Gelasaar’s smile lit
like sunrise. “You have transcended your heritage, Anaris achreash’Arkad.”

Of the spirit of
Arkad.
The shock was almost overwhelming; the more so for its truth, and he
almost missed what the Panarch said next.

“And so I give you your life.”

“What?”

Instead of answering him, Gelasaar asked: “How far to
Gehenna?”

Anaris stared. “About thirty hours.”

The Panarch let out his breath and spread his hands on his
knees. “Good. You were astonished, you said, at how little there was in the
Palace computers about Gehenna. That is because the key to the Gehenna system
has never been committed to the DataNet—it exists only in hard copy and the
memories of a very few of us.” He motioned to the dirazh’u lying limply in
Anaris’s hands. “It is ironic, the Dol’jharian belief in a destiny determined
by knots, for it is the Knot that guards Gehenna.”

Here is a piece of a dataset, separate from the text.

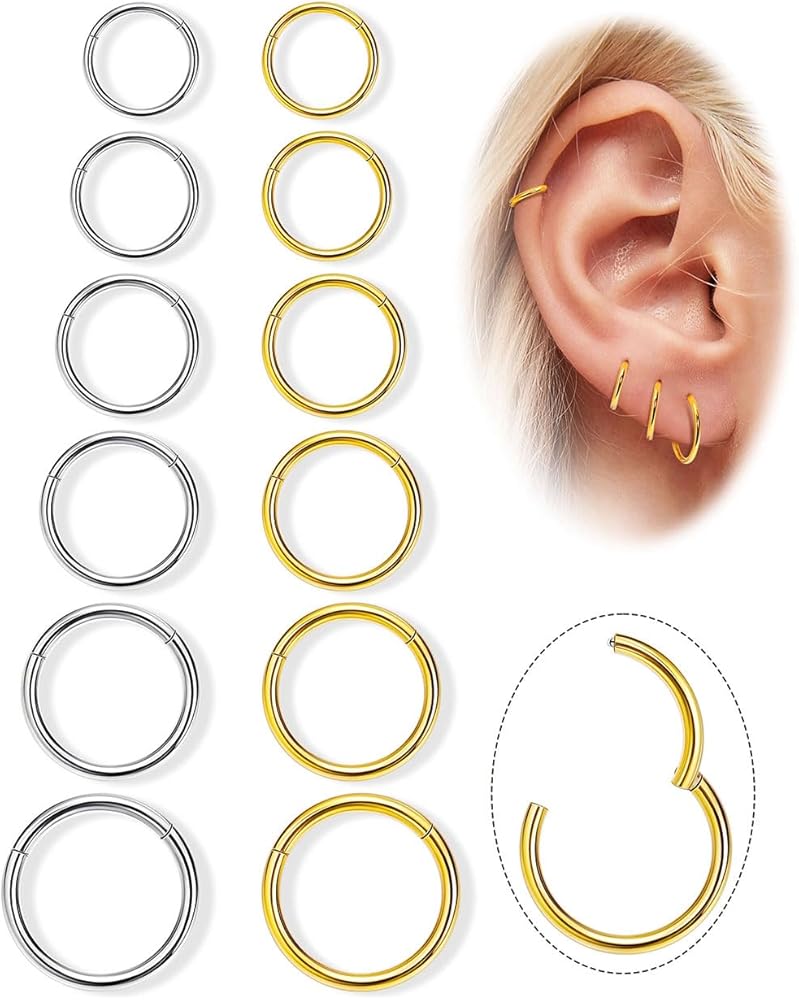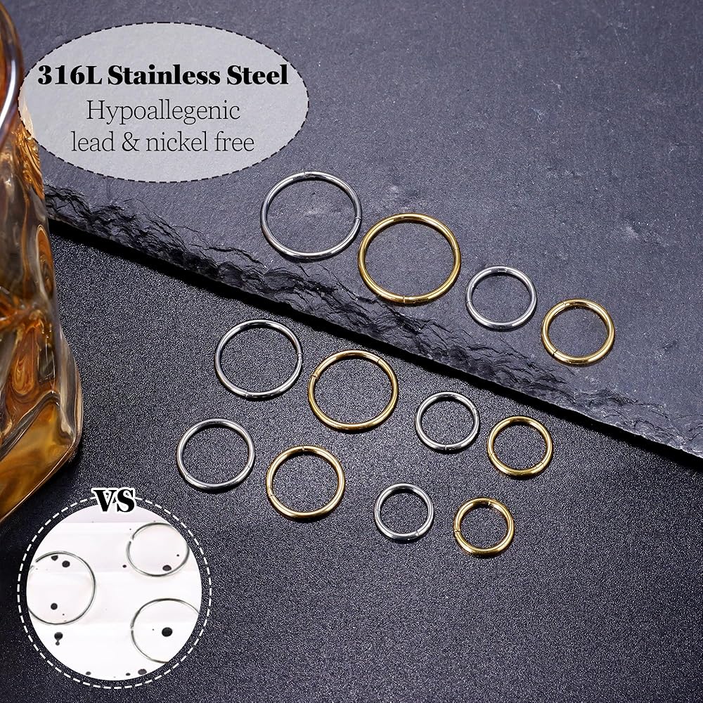 【16G Septum Nose Rings】: One order comes with 12pcs clicker septum nose rings in different sizes. These classic and timeless clicker septum rings have multiple uses, such as septum piercing, cartilage earrings, helix earrings, lip rings, daith earrings, tragus piercing, etc.

Anaris heard the capitalization of the noun.

“A fracture in fivespace, some
thirty light-minutes in extent, left over from the first few seconds of
Creation and somehow anchored by Gehenna’s sun. I do not understand the physics
of it. I only know the Gehenna system must be approached along the plane of the
ecliptic, and even then, it is extremely dangerous to use the fiveskip. Ships
attempting any other approach are never seen again.”

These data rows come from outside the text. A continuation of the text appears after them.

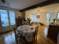 A moins de 1.5 km de la très belle plage d'Ondres, sur une parcelle de 1799 m², cette maison des années 60 de 137 m² avec 56 m² de dépendances peut être envisagée comme une résidence principale ou secondaire. Le rez-de-chaussée est composé d'une cuisine aménagée indépendante qui donne coté nord sur un grand salon avec cheminée à foyer fermé de plus de 27 m² et coté sud sur un bel espace séjour/ salle à manger de 30 m² ouvert sur le jardin et la foret en arrière plan. Une chambre, un WC indépendant, une salle de bain, une salle d'eau et un cellier avec un accès au double garage complète ce niveau. A l'étage, deux grandes chambres et un WC indépendant. la maison est équipée de menuiseries double vitrage, le chauffage central et la production d'eau chaude sont au gaz de ville. La maison est raccordée au tout à l'égout. Des travaux de mise aux normes de l'électricité et du chauffage seront nécessaires (chaudière ancienne), cuisine et salle de bain ainsi qu'une remise aux goût du jour de l'ensemble de la maison. Le jardin est piscinable et une division parcellaire peut être envisagée sous réserve des autorisation de la mairie. Un abri de jardin et un chalet bois offre beaucoup de rangements. La partie arrière du terrain est joliment arboré et sans vis à vis.
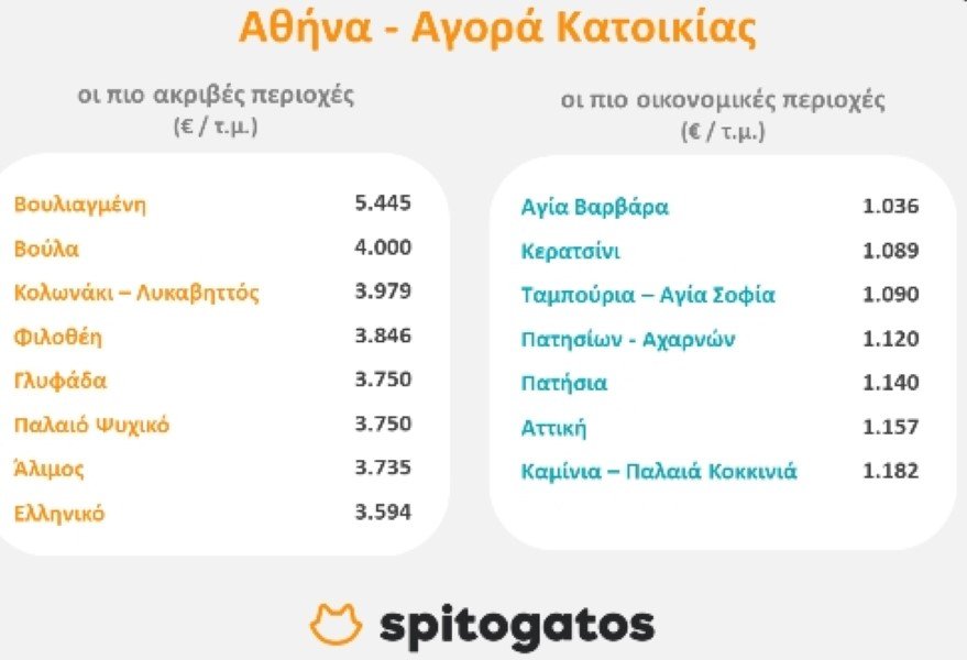 Οι ακριβότερες και οικονομικότερες περιοχές για αγορά και ενοικίαση κατοικίας στην Αθήνα
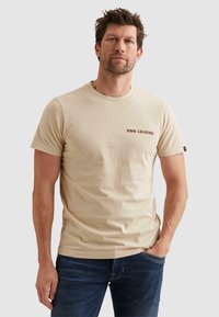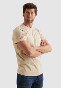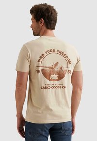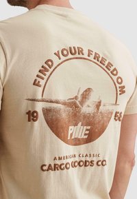 Muž nosiaci béžové tričko s grafikou vintage lietadla a textom „Find Your Freedom, 1958, American Classic, Cargo Goods Co.“ na chrbte.
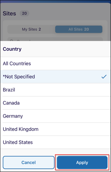 - Select a country and click on the Apply button.
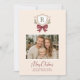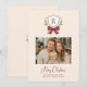 Envíe elegantes saludos navideños este año con tarjetas de fotos navideñas preppy y personalizadas escudo en monograma. El diseño presenta un sencillo escudo dibujado a mano con estribillos verdes y un rústico arco a rayas. "Feliz Navidad" está escrito en un moderno guión escrito a mano para darle un toque moderno. Personalizar fácilmente el frente con la foto favorita de tu familia, el primer monograma de tu familia y tus nombres. Todos los colores son editables para que puedas complementar tu foto subida o tu estilo personal. © Kimbellished, LLC
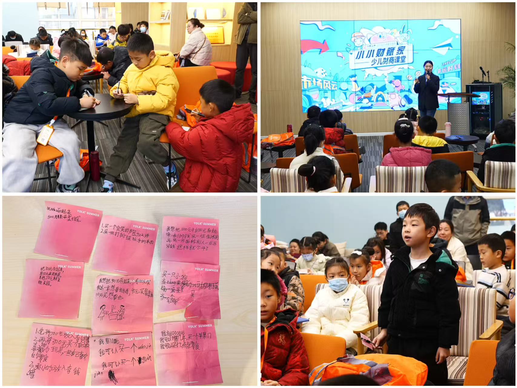 “财富梦想”分享环节中,孩子们踊跃交流课堂收获与零花钱管理计划,畅谈心中“大梦想”,将财商知识与个人成长规划相结合。活动最后,全体参与者合影留念,为这场充实的财商启蒙之旅画上圆满句号。

The Panarch smiled, and Anaris knew he’d let his
astonishment show.

“There are no guard ships, no
weapons—the orbital monitor is unarmed. The guardian of Gehenna is Totality
itself.”

Instinctively Anaris
turned back to the strategic display, still running the projection of ship
movements throughout the Thousand Suns. Three thoughts rang like tocsins in his
mind.

I was under judgment,
and
Once again, we underestimated
the Panarchists.
It could be a trick, but he knew it wasn’t. Morrighon had told
him how frantically, and futilely, Fasthand had been seeking data on Gehenna. It
all fit together. How dangerously simple, to preserve a secret merely by
leaving it on paper!

And the third
 . . .
He turned back to Gelasaar. “You knew all along that Brandon was going to run.”

“I had my hopes,” Gelasaar said
tranquilly. “That Brandon, denied a place in the system from within, might find
a way to preserve it from without, after I was gone. I saw to it that he had
the means to learn if he so willed. And an avenue of escape. He used both.”

Anaris swiped the console dark with a strike of his hand,
then faced the older man. And even though he knew the answer, he asked the
question, anyway: “Why are you telling me this?” He tabbed the console to
summon Morrighon; he would have to notify Fasthand immediately.